7th Research Meeting (July 2012)

The Seventh Research Meeting (29 July 2012)

The seventh research meeting of the project was held at the Faculty of Letters, University of Tokyo, on 29 July. Twelve members of the project group attended the meeting.

First, Katsumi Fukasawa, the leader of the project, talked about the budget for the year 2012 and confirmed membership details. Then he presented a provisional program for the final international symposium scheduled for the two days of 20 and 21 October. The symposium will be composed of 14 lectures to constitute a general approach to the problem of religious conflict and religious concord in Europe and the Mediterranean world, as it has been addressed through the preparatory workshops organized in 2010 and 2011. The program for the first day will be titled “Catholics and Protestants in early modern Europe”, and that for the second day “Religious pluralism from the Mediterranean to Western Asia”. The outline of the project was approved by all the  members present.

Secondly, the tentative titles and summaries for the papers of invited foreign participants were communicated by the leader. (1) The paper of Miriam Eliav-Feldon will reexamine the relations between Protestants and Catholics by studying several thinkers who advocated religious toleration and reconciliation during the Reformation. (2) The paper of Benjamin J. Kaplan will present a case study on Vaals, a village in Dutch Limburg, to clarify how rival confessions could coexist and practice worship in the borderlands of early modern Europe. (3) That of Robert Armstrong will discuss peace talks and efforts for religious reconciliation in Ireland and England during the civil wars of the 1640s. (4) That of Graeme Murdock will analyze the coexistence of Catholics and Protestants at the level of daily life, as seen in the case of Choulex, a rural community, the rulers of which often changed during the early modern era. (5) That of Pierre-Yves Beaurepaire will describe how inter-confessional dialogue and desire for religious reconciliation developed in the eighteenth century through the correspondence exchanged between a Catholic cardinal and ministers of the French Reformed churches in Prussia. (6) That of Inessa Magilina will lay emphasis on the non-orthodox Islamic faith of Shāh ‘Abbās the Great, a Safavid king, which may explain his open attitude toward Christians and other infidels. (7) That of Ray Jabre Mouawad will discuss the religious symbiosis between Druzes and Christians in Mount-Lebanon from the sixteenth to the nineteenth century.

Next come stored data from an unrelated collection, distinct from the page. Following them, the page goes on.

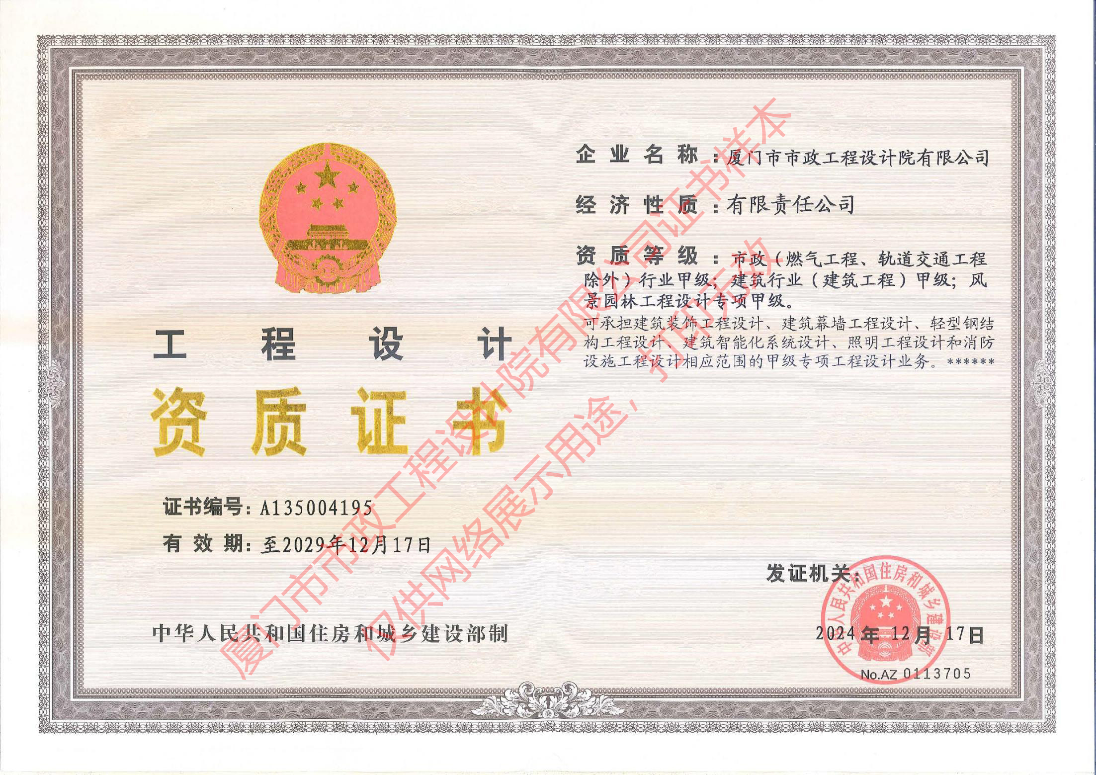 廈門市政市政、建筑、風(fēng)景園林設(shè)計(jì)甲級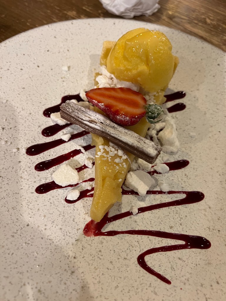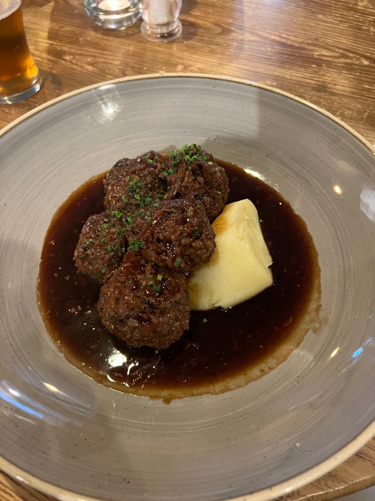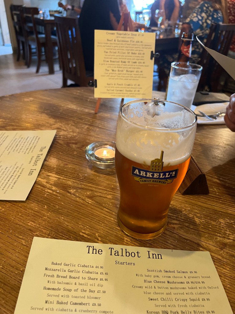 The smallest cygnets.Shifford Lock, or is it Eynsham Lock? My notes are hazy.My bag exploded. An Airbnb in Eynsham due to campsite closure. The huge teddy came with the room.Pub meal with Sandy and Pete. The beer is fantastic at the Talbot Inn,as are the victuals at this newly reopened pub.Meat feastStill hungry,this hits the spot.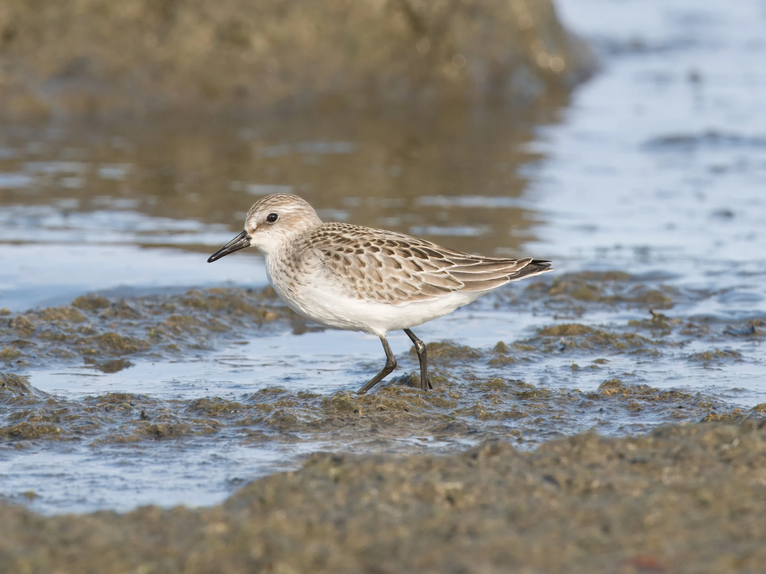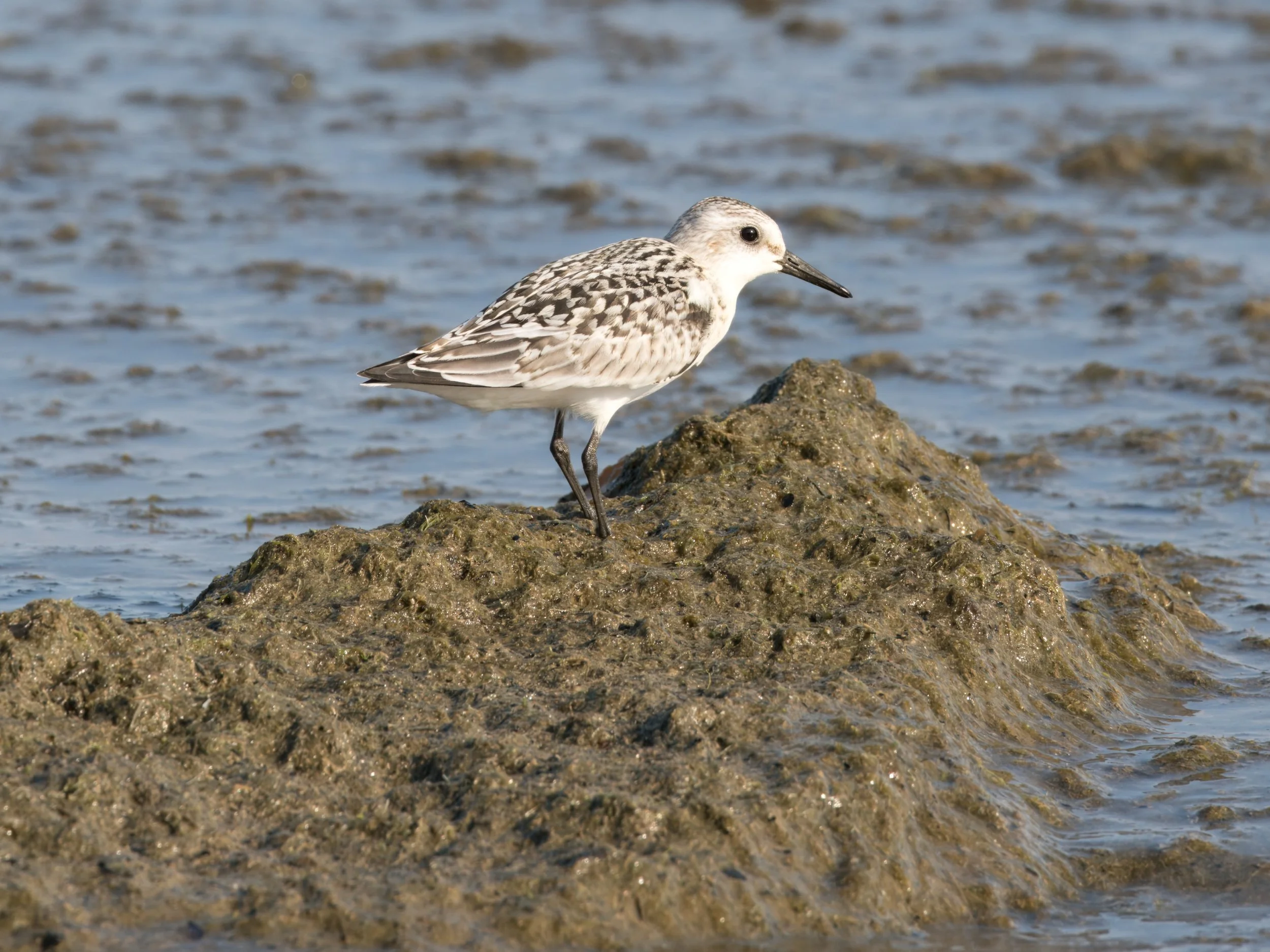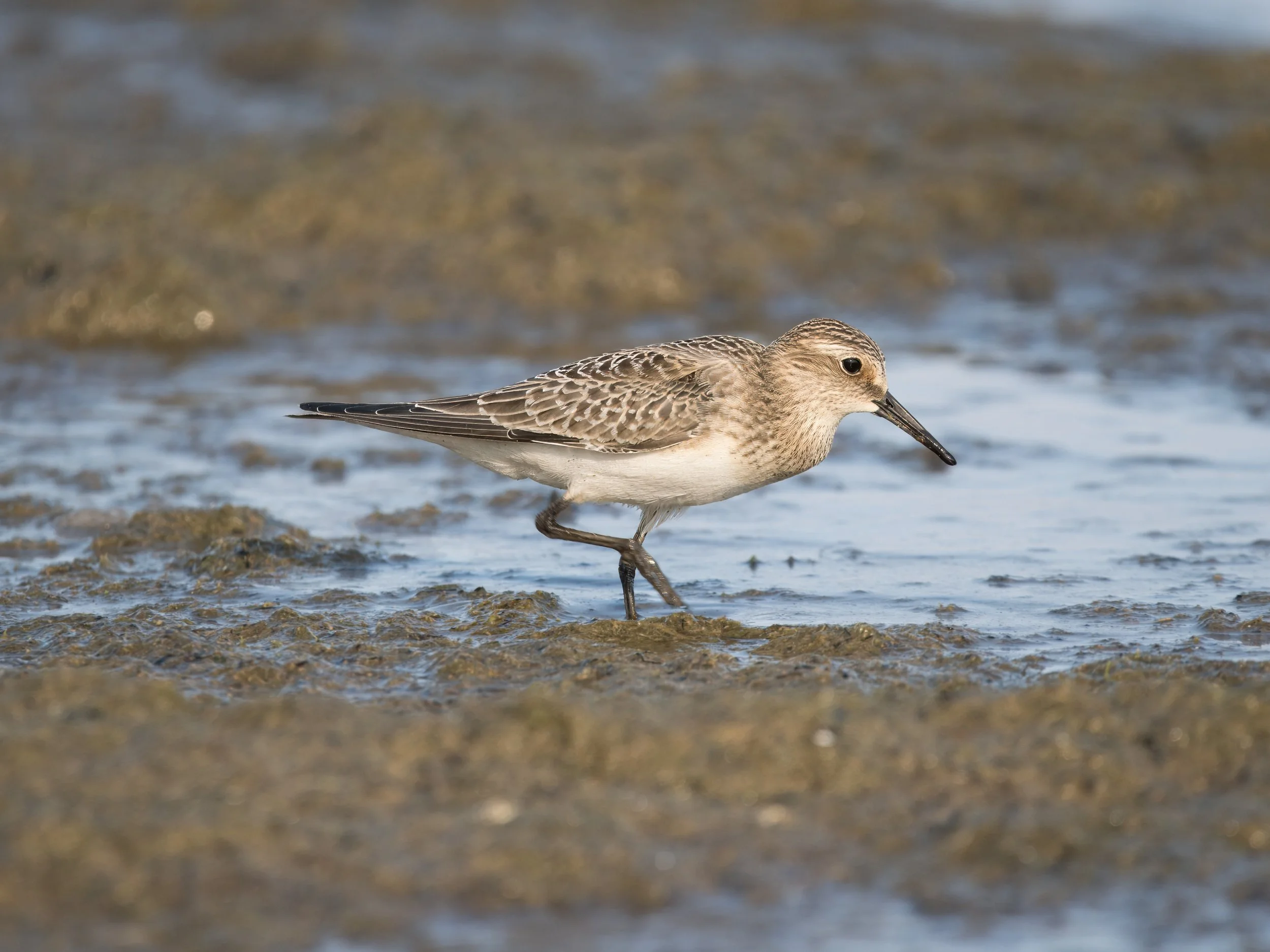 The Semipalmated Sandpipers were walking steadily along the shore, negotiating the relative mounds of algae pockmarked by small pools.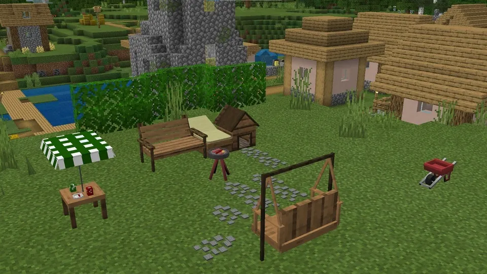 AEoutdoor представляет потрясающий мод для МКПЕ, который добавит в игру новую мебель для сада! Мод предназначен только для творчества, несмотря на то, что для получения декоративных блоков используется камнетёс.

Thirdly, the leader also communicated the provisional titles and summaries of the papers of two members absent from the meeting. (1) Sugiko Nishikawa will address the religious practice of Anglicans settled on the Continent in connection with the local established churches and their rituals, in order to clarify a special case of the “occasional conformity”. (2) Toshiyuki Chiba will reconstruct the intellectual groups who prepared a cultural and theological basis for the church union at the Council of Ferrara-Florence of 1438-1439, underpinned by the notion of reductio signifying conversion. Discussion followed by the members present.

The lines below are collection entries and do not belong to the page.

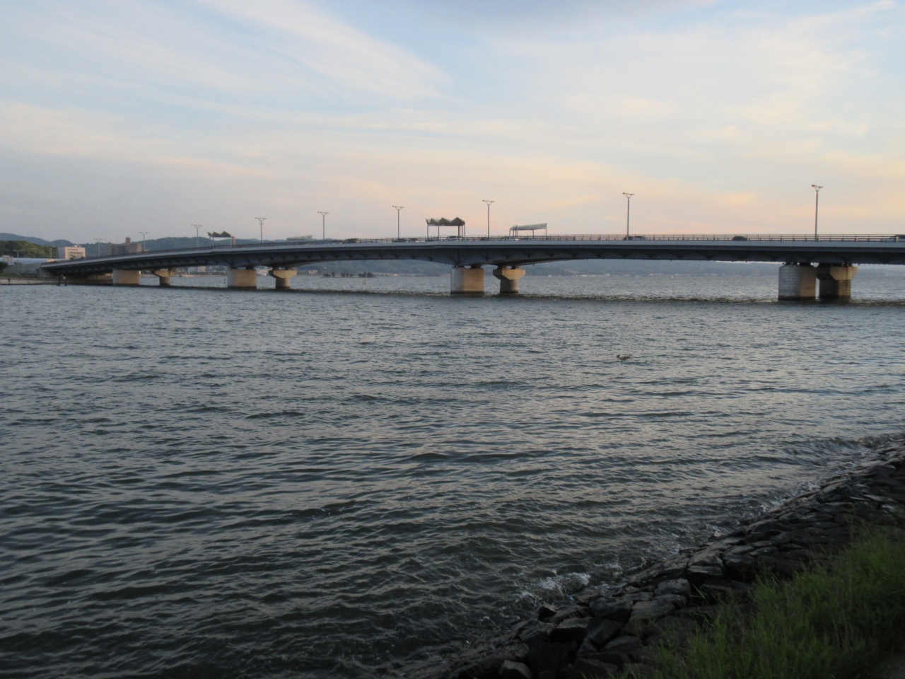 宍道湖から大橋川が始まる所に架かっている交通量の多い橋です。松江レイクラインで通りました。橋の中ほどに歩行者が宍道湖や大橋川を眺めることができる展望スペースがあります。歩く人は少なかったです。後日夜に宍道湖大橋を眺める機会がありました。欄干と街灯の灯りがポツポツと点のように暗闇に浮かんでいて静かな雰囲気でした。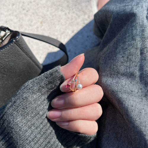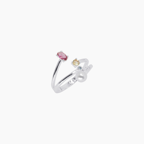 Infused with the soft charm of a morning bloom, this adjustable open ring features a radiant palette of delicate pink, warm yellow, and clear cubic zirconia stones, beautifully complemented by a luminous pearl.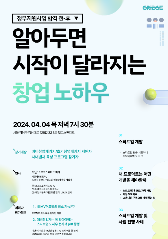 IT 개발 플랫폼 그릿지는 오늘 4월 4일 서울 강남에 위치한 앨고스튜디오에서 ‘스타트업 창업 성공하는 노하우’를 주제로 세미나를 개최한다고 밝혔다.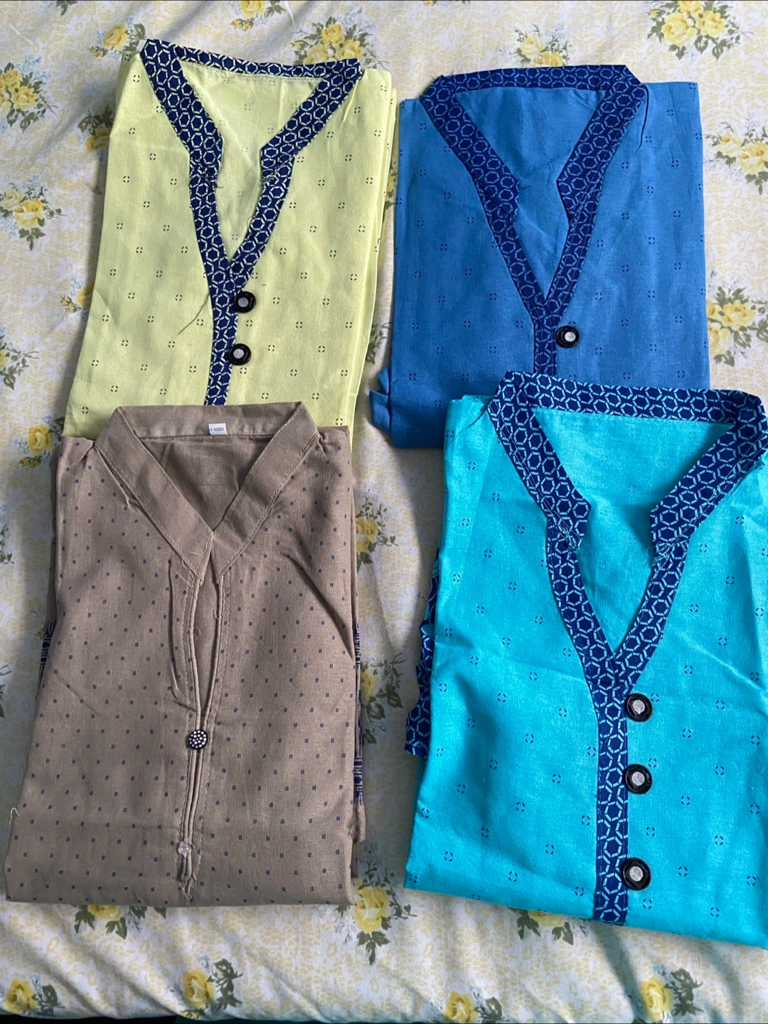 Selling a few ladies' kurti dresses, size large. They're in great condition and ready for a new home! Available in beige, blue, light blue, and yellow.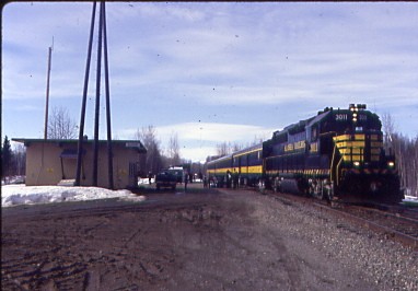 The branch line to Palmer took off at Matanuska, Milepost 151.0 before we crossed the river with the same name. The views that looked east up the river valleys were very impressive then the tracks turned to the west towards Wasilla, which is a regional center and has the world's largest fly-into mall. There are more airplanes than cars in Alaska. Wasilla is one of those palindromic names which if you reverse, becomes "All I Saw." Wasilla is also the home of the Museum of Alaska Transportation and Industry, which has a large railroad collection.

Fourthly, preparatory papers were read by five of the members present. (1) Yutaka Horii presented a panorama of the religious minorities and foreigners (mostly Europeans) in Ottoman Cairo, including their legal status and socio-economic conditions. (2) Makoto Kato discussed conflictive as well as symbiotic relations between Jews and Christians in late medieval Navarre. (3) Masanori Sakano analyzed some aspects of the inter-confessional dialogue in seventeenth-century France before and during the “Peace of Clement IX”, with regard to noble sociability in Paris, research on the Eastern Churches with the aid of diplomats and conversion of some notable persons from Protestant to Catholic. (4) Asuka Tsuji addressed the problem of reconversion of ex-Christian Muslims in late fourteenth-century Egypt by inquiring into the allusive mention of “injured man” which appears in the Coptic hagiographies of the times. (5) Hiromi Saito presented an outline of the religious policy of early modern Venice, putting emphasis on the necessity of a comprehensive survey on the political and economic strategy of the Republic with regard to Greek Orthodox, Jews and Protestants. Each lecture was followed by discussion.

Thus the program of the symposium in autumn 2012 has been determined in detail during the meeting, and all the members present agreed on continuing its preparations for it so as to make it successful.